We tried to avoid the Interstate by going onto a paved road, but it turned into a dirt road. Just as we were getting ready to turn around I noticed a water tower with the word “ACME” painted on it. We rode closer and saw that the tower stood next to an abandoned factory. I explained to Jim that this must have been the factory that produced all the materials Wile E. Coyote used to try to get the Road Runner, and that we had stumbled onto our second find of the day, since this was an important site in Cartoon History. He didn’t say anything, just turned around and headed back to the Interstate.
We only had to ride on I-90 for a mile or two before we found another two-lane road that took us into Sheridan. Jeff Stine and Al Mason of Back Country Bicycles (bcbicycles@bresnan.net) spent an hour on my Bianchi and installed a stout new 36-spoke touring rim on the rear wheel, as well as a new chain and rear “cassette” (the thing with all the gears). The bike feels great now, and they showed admirable skill and good humor.

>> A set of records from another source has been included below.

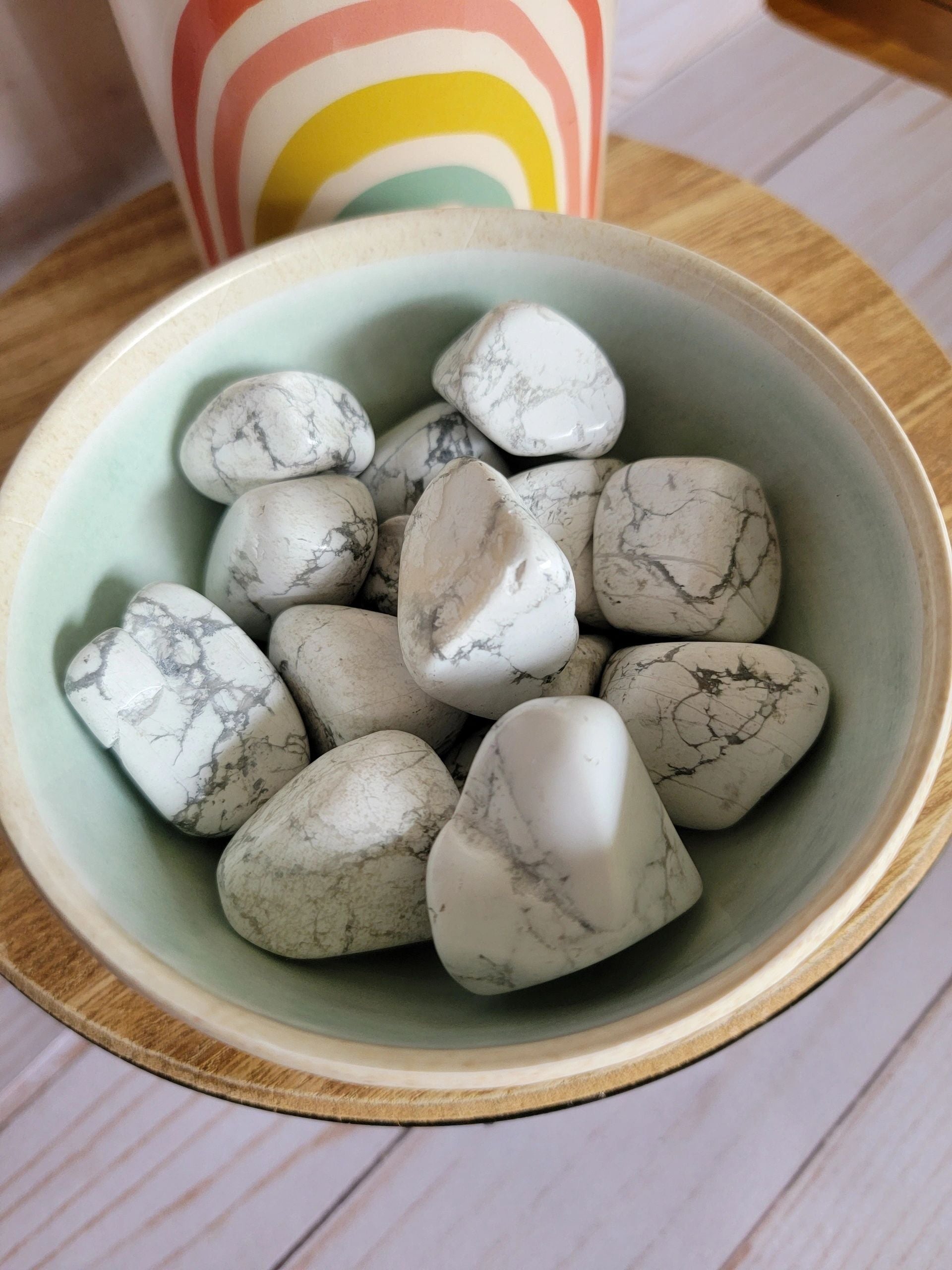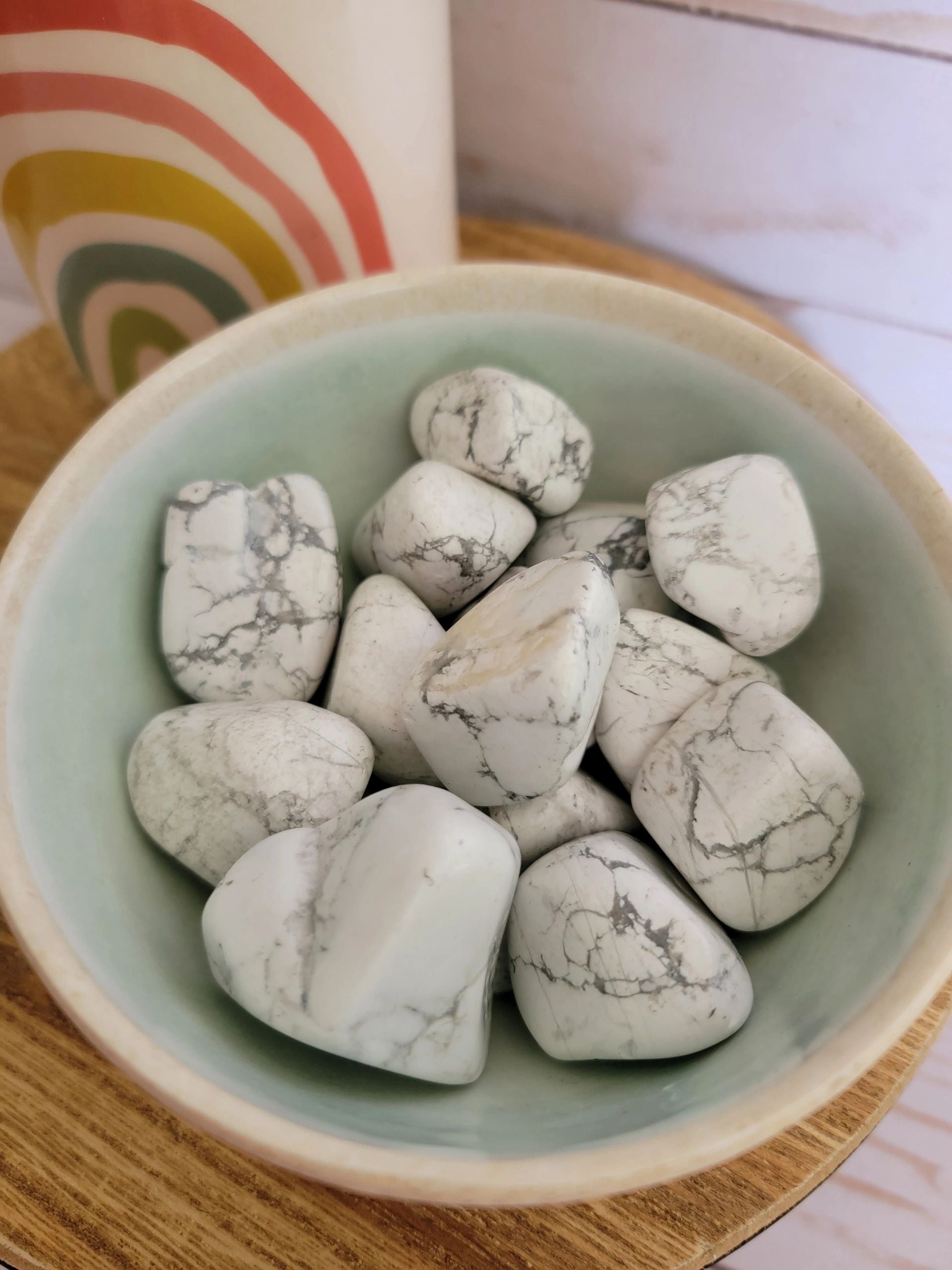 Howlite strengthens memory and stimulates the desire for knowledge. It teaches patience and helps to eliminate rage, pain, and stress. A calming stone, Howlite calms communication, facilitates awareness, and encourages emotional expression. Howlite balances calcium levels in the body.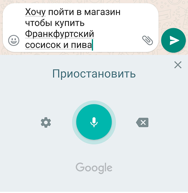 Далее просто диктуете фразу, Google ее распознает и выводит в виде текста. Текст отправляете. Всё.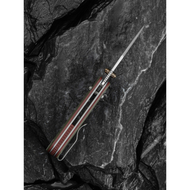 Двосторонній шпеник дозволяє миттєво відкрити ніж, що можна зробити правою або лівою рукою. Матеріал шпеника — титан 6AL4V золотого відтінку, який є оригінальною акцентною деталлю в загальному дизайні конструкції.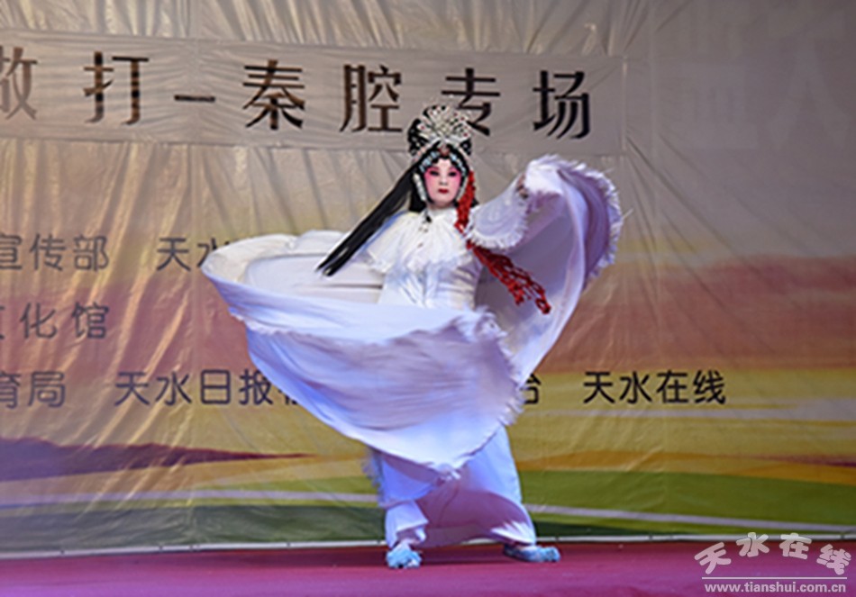 天水市西秦腔研究院、國家二級演員田芳表演的秦腔《青絲淚》拉開了本次秦腔專場演出的序幕。市西秦腔研究院優(yōu)秀男旦楊江龍表演的《斷橋》、麥積區(qū)國家三級演員劉玉敏表演的《三堂會審》以及我市青年新秀、參加央視星光大道的天水師院大學(xué)生高媛媛表演的《智取威虎山》選段贏得了觀眾熱烈的鼓掌。天水市西秦腔研究院國家著名三級演員漆金喜、黃來旺分別表演的秦腔《白逼宮》、《金沙灘》選段以及我市當(dāng)紅小生賀小慧表演的《五郎出家》,天水市西秦腔研究院、國家一級演員常小紅表演的秦腔《鬼怨》選段等相繼精彩亮相。

They have two nice shop dogs, too. Thanks, guys!
After we met with volunteers from the Sheridan Community Land Trust (see separate post), we left town around 4pm with 27 miles to go to our destination. There are no towns or campgrounds in the 115 miles of U.S Route 14 between Sheridan and Gillette, and no public land either, but there is one ranch at a crossroads called Ucross. We reserved rooms there, hoping they’d be nice, and headed out.
After a 500-foot climb up Jim Creek Hill, we headed through the Piney Creek Valley. Redtail hawks were hunting in the lengthening sunlight. We rode past huge ranches with proud old stone barns and homes, big cottonwood trees, and high cirrus clouds building back toward Sheridan. We saw the first rattlesnake of the trip sunning himself on the road. The light got more golden, the scenery more beautiful, the highway smoother and flatter. At mile 27 we turned into The Ranch At Ucross, which exceeded our expectations. After a wonderful meal (with real china!) in the dining room and several hours of blogging, we slept (in real beds!) soundly.
One reply on “Days 28 & 29: Bighorn Mountains to Ucross, WY”
I’m relieved that you have crossed the Big Horns, but ever so briefly I thought that you would be able to tell me what ACME stands for!